◆ EXERCISE MATERIAL:
────
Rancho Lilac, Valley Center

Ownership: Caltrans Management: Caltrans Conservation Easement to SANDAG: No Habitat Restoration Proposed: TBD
────
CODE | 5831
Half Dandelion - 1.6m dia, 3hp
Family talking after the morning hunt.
────
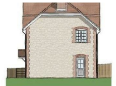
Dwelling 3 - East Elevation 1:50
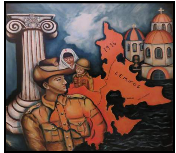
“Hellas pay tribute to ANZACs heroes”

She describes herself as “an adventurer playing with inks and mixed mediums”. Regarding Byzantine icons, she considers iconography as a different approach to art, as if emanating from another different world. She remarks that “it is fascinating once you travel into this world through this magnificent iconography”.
────
Would you print exactly and only the lines of the material above that run from the line with "CODE | 5831" through the line with "Family talking after the morning hunt.", both included?

◆ SOLUTION TO THIS PROBLEM:
CODE | 5831
Half Dandelion - 1.6m dia, 3hp
Family talking after the morning hunt.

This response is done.